Under this line are the records; write out word for word the part that begins at the line containing "加厚实心合金钢锁体,更防盗,更安全。" and ends at the line containing "Celestial mesh in", and no more.

═════ DATA SECTION

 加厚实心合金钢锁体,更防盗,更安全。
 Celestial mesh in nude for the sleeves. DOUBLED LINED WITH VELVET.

══════════
═════ DATA SECTION

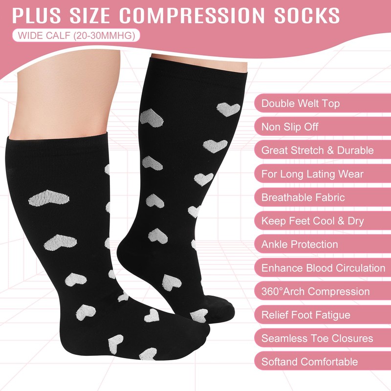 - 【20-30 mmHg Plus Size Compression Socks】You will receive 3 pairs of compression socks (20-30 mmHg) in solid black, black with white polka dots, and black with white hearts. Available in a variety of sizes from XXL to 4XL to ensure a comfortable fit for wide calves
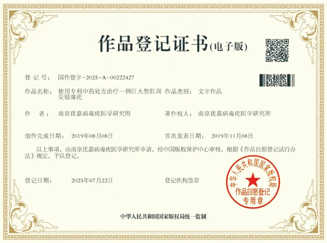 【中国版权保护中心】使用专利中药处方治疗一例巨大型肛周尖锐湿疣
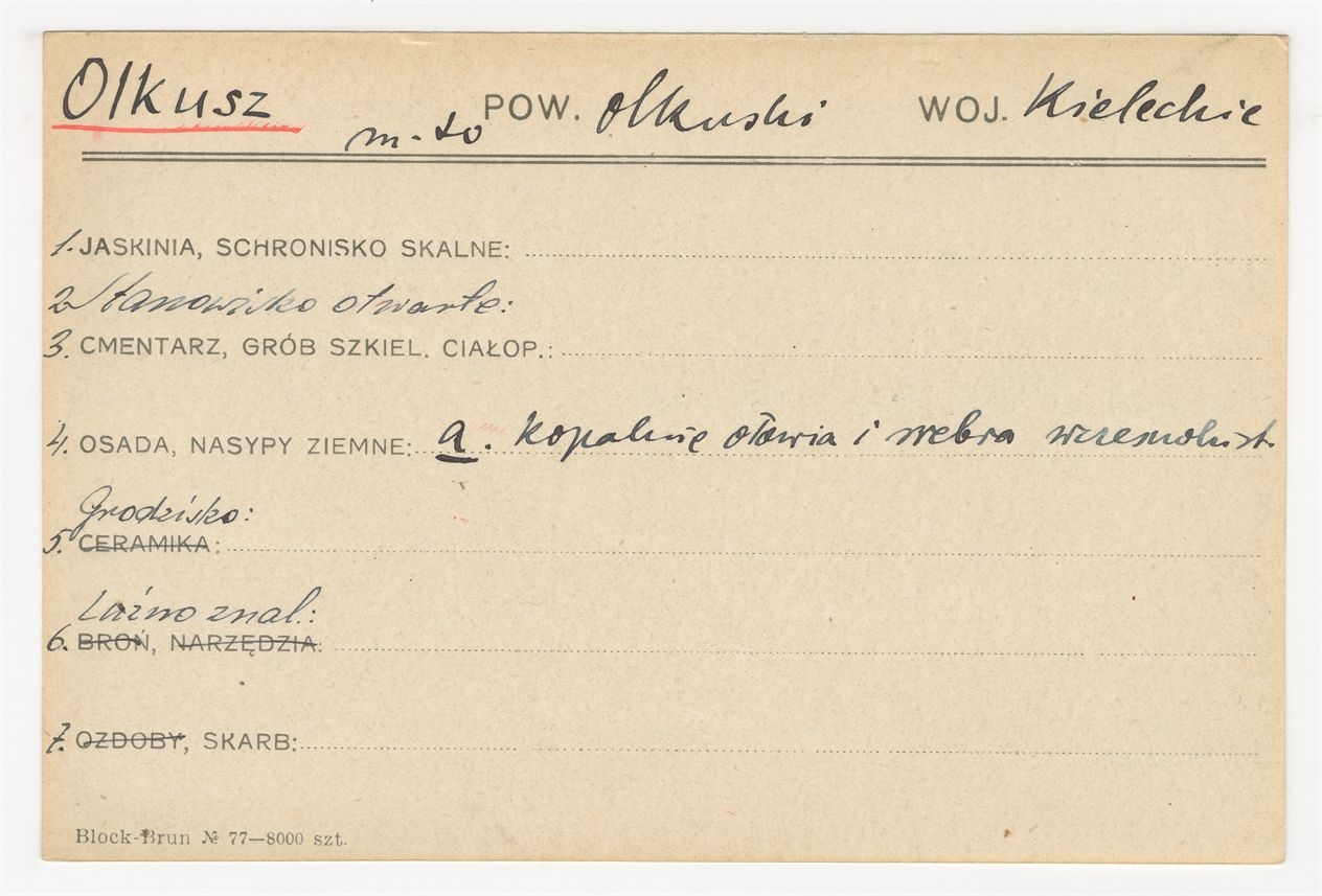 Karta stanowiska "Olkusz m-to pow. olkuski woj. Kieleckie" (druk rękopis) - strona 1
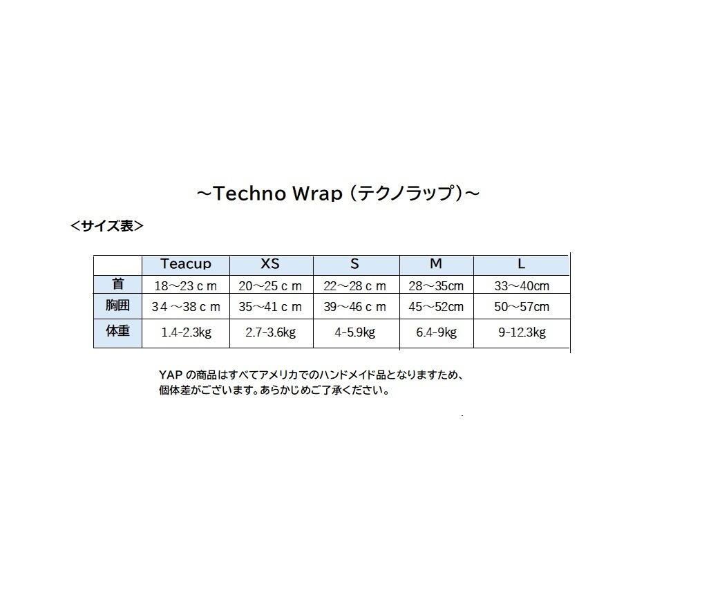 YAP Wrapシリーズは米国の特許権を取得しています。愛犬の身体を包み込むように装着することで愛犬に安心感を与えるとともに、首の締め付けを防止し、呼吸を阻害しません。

══════════
═════ DATA SECTION

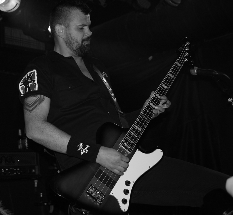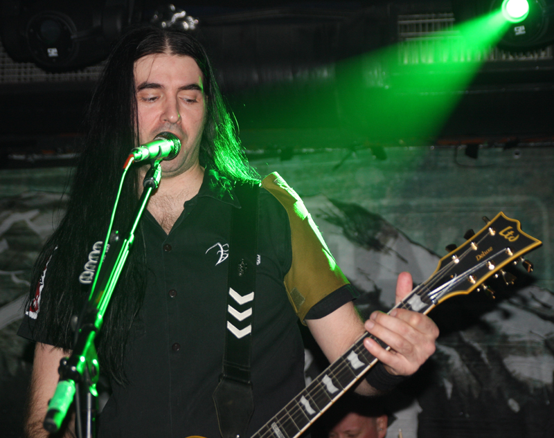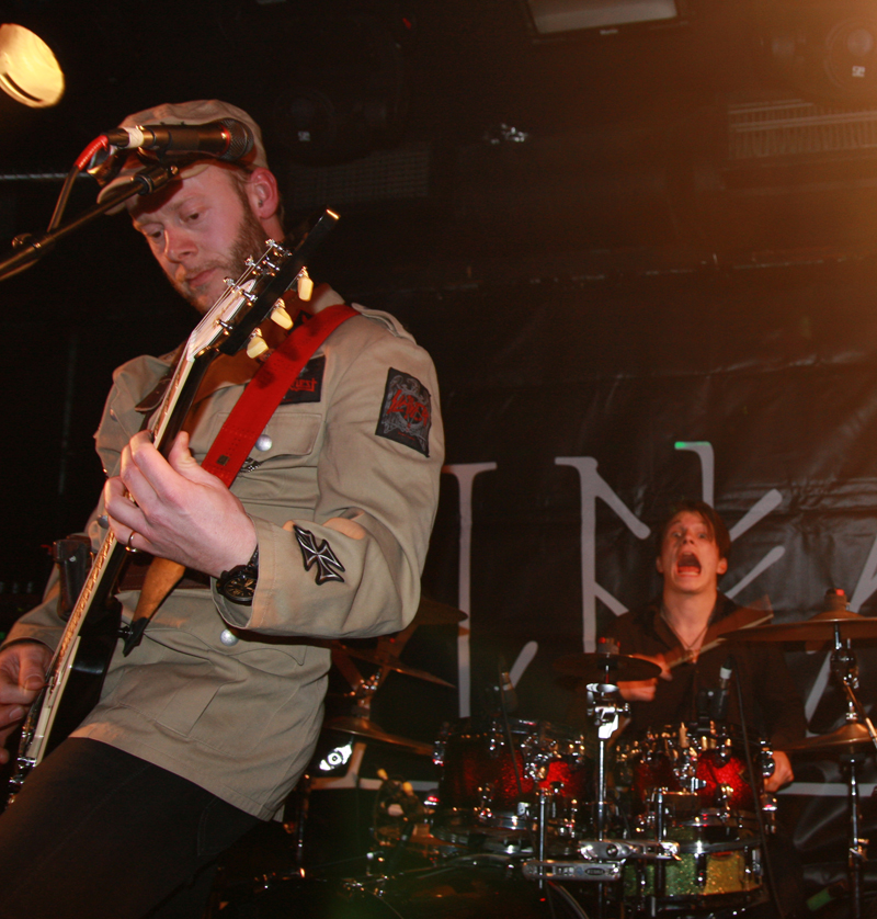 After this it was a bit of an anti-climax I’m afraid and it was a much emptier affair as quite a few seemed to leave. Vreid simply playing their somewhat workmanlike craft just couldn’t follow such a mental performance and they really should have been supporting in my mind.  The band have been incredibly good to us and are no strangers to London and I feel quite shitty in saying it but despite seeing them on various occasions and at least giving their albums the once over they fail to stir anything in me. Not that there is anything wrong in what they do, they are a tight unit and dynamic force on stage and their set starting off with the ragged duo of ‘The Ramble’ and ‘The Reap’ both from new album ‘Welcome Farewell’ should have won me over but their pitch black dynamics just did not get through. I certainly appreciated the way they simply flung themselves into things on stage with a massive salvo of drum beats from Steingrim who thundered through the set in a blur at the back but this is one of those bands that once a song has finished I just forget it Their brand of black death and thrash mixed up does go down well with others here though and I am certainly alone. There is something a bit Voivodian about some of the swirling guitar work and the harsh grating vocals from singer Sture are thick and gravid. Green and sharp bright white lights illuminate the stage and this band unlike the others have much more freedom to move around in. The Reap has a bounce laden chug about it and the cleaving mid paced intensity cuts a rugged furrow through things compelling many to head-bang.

══════════

__ANSWER TO THIS EXERCISE__.
 加厚实心合金钢锁体,更防盗,更安全。
 Celestial mesh in nude for the sleeves. DOUBLED LINED WITH VELVET.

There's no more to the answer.